All students majoring in economics at Wellesley are required to take ECON 203: Econometrics, with 3 sections offered every semester. A research and instruction librarian and instructional technologist have long been involved in supporting this course. In Fall 2014, with enthusiastic agreement from the faculty, we changed in-class instruction to better prepare the students to tackle their semester-long group projects. In the library session, students would be asked to consider an existing study and figure out how and why the author constructed it in a particular way. In the instructional technology sessions, students would participate in small group exercises.
The faculty suggested that we build our instruction sessions on a paper about the economic outcomes of people born during the 1918 influenza epidemic in the United States. We selected this article because it relied on IPUMS data, a commonly-used data set in this course; the article outlines a common type of econometric study; and it demonstrates to students that you can use econometric methods to examine aspects of public health or other social concerns.

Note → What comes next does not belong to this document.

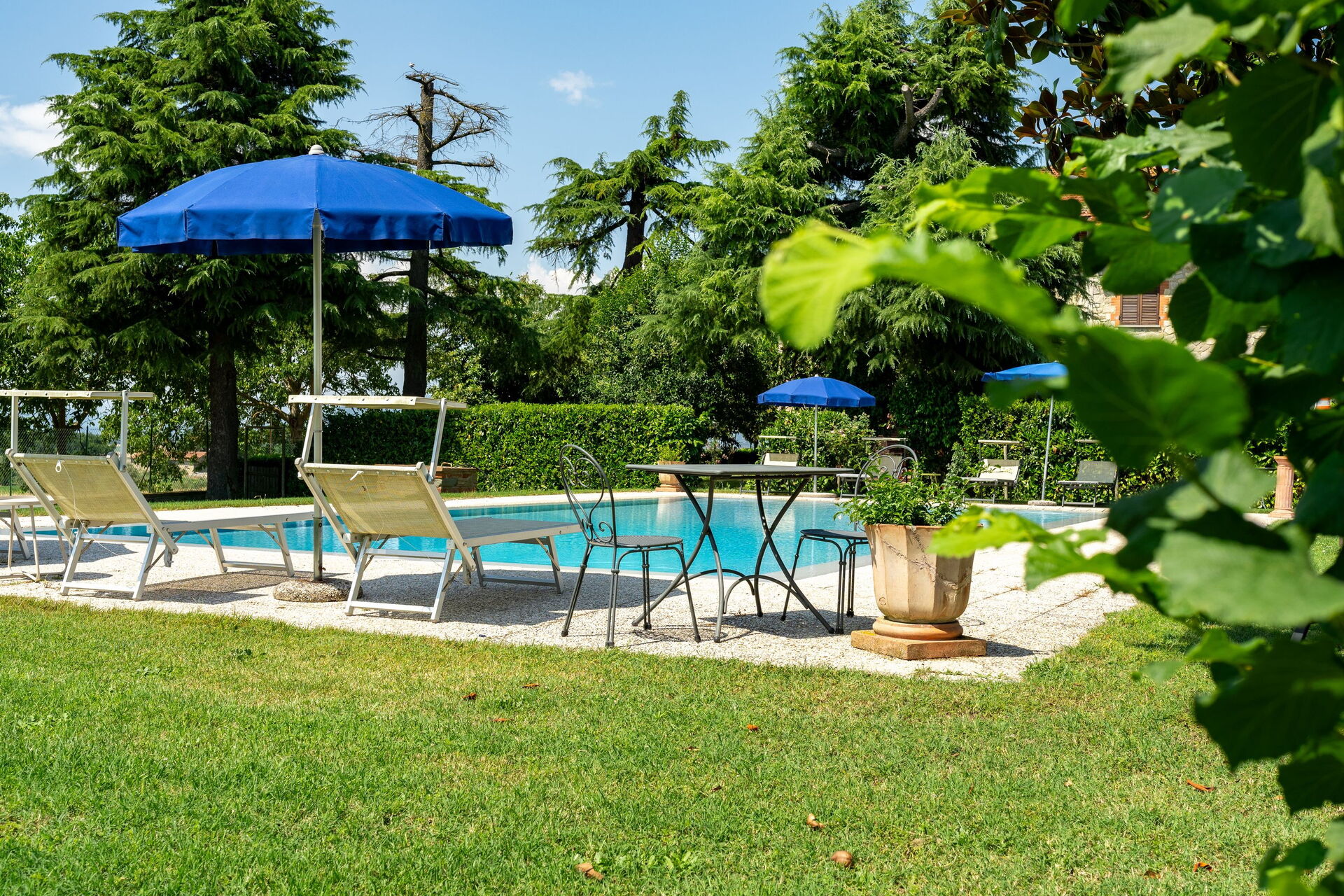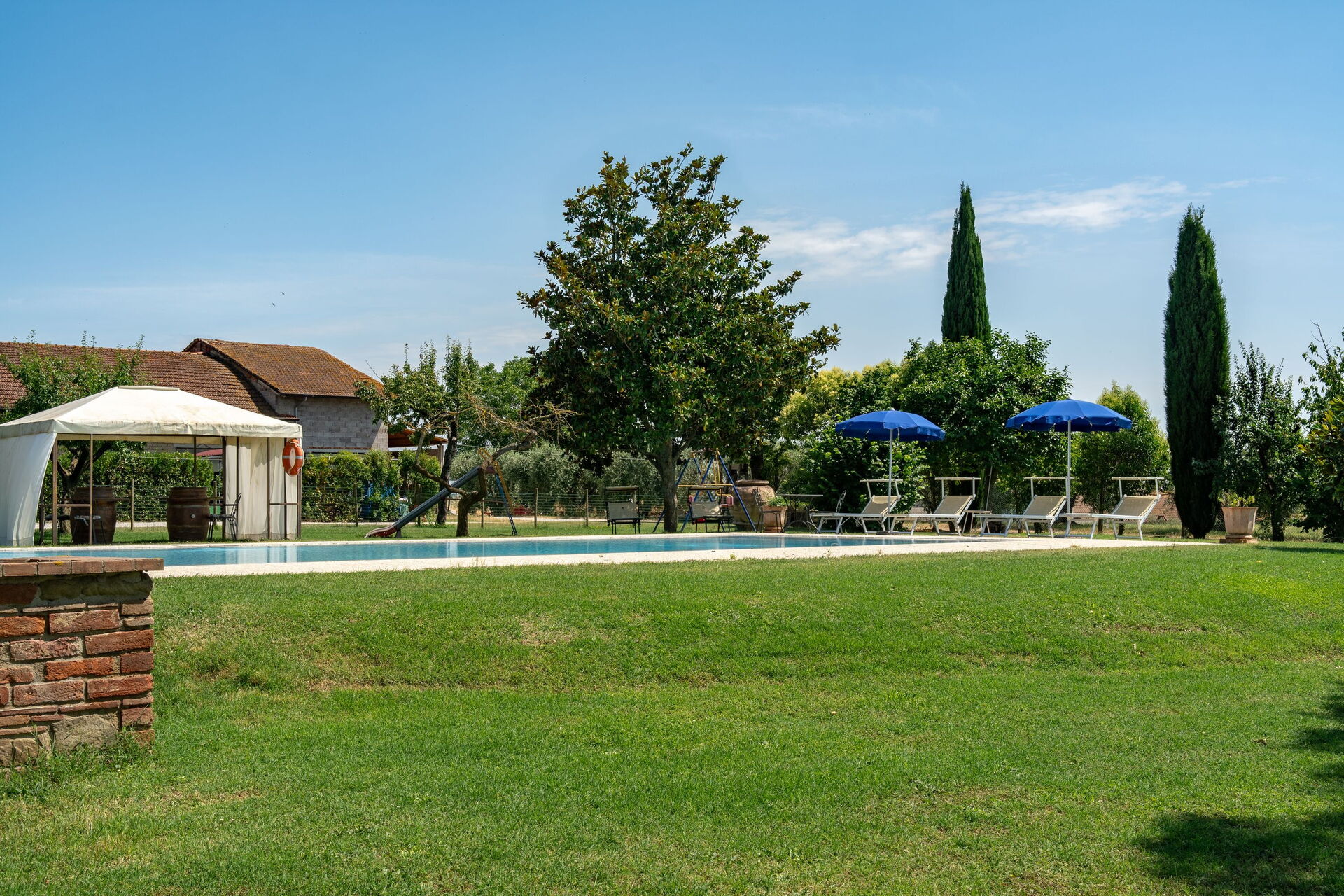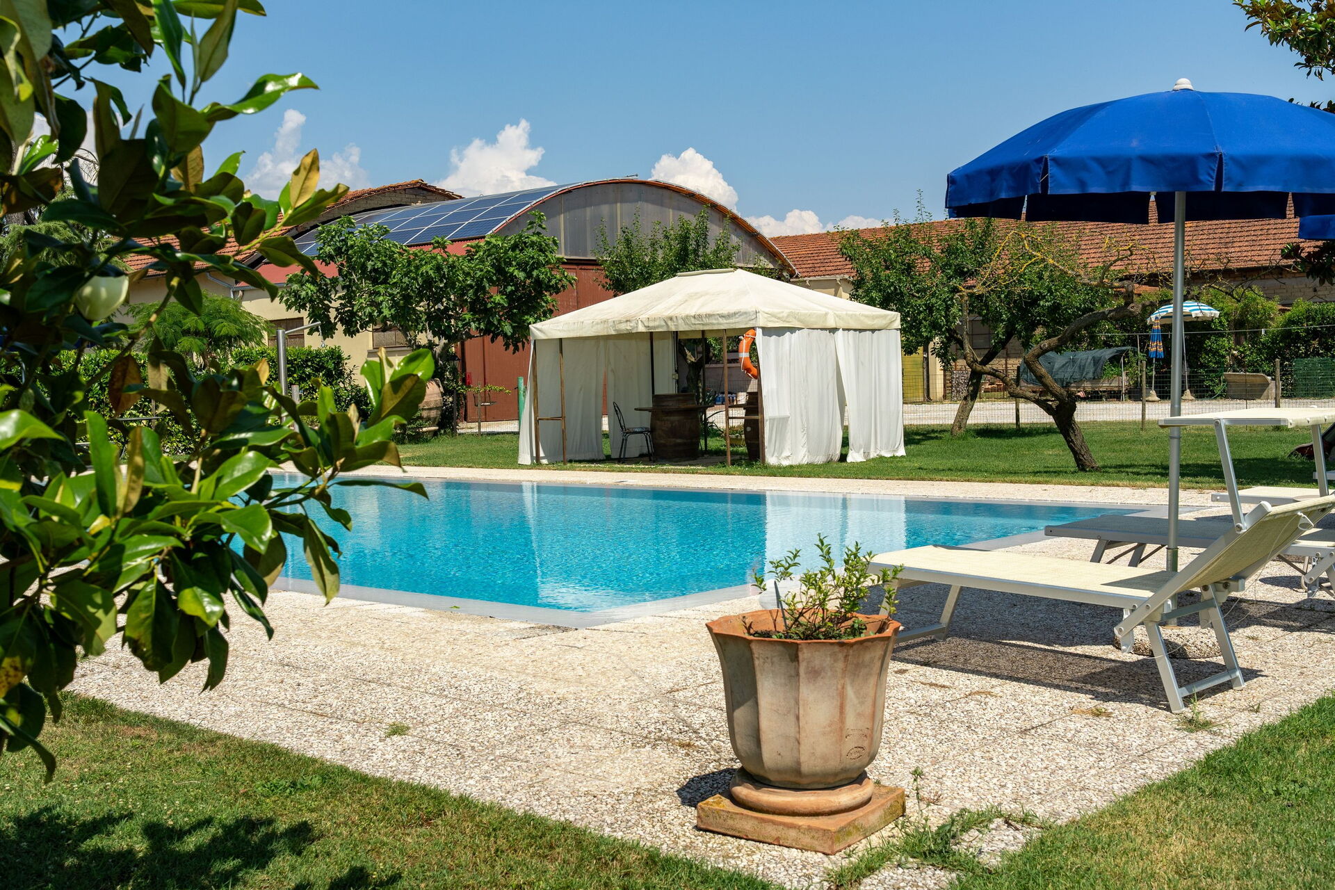 Swimmingpoolen ligger 30 meter fra huset, og på trods af ejerne og gårdens tætte placering er poolen kun til eksklusiv brug.

During the research and instruction librarian’s class visit, students read a popular news magazine article or blog post about the paper and reviewed the microdata section of the paper, then discussed how they might answer the questions the author posed using econometric methods. For example, students might want to know if someone’s mother had the flu, but they couldn’t get at that data easily. Instead, students had to learn to ask different questions:
- Was a person in utero during flu epidemic?
- Were they living in a state with a high incidence rate of flu?
- What were their life outcomes compared to people born in states where the flu illness rate was lower?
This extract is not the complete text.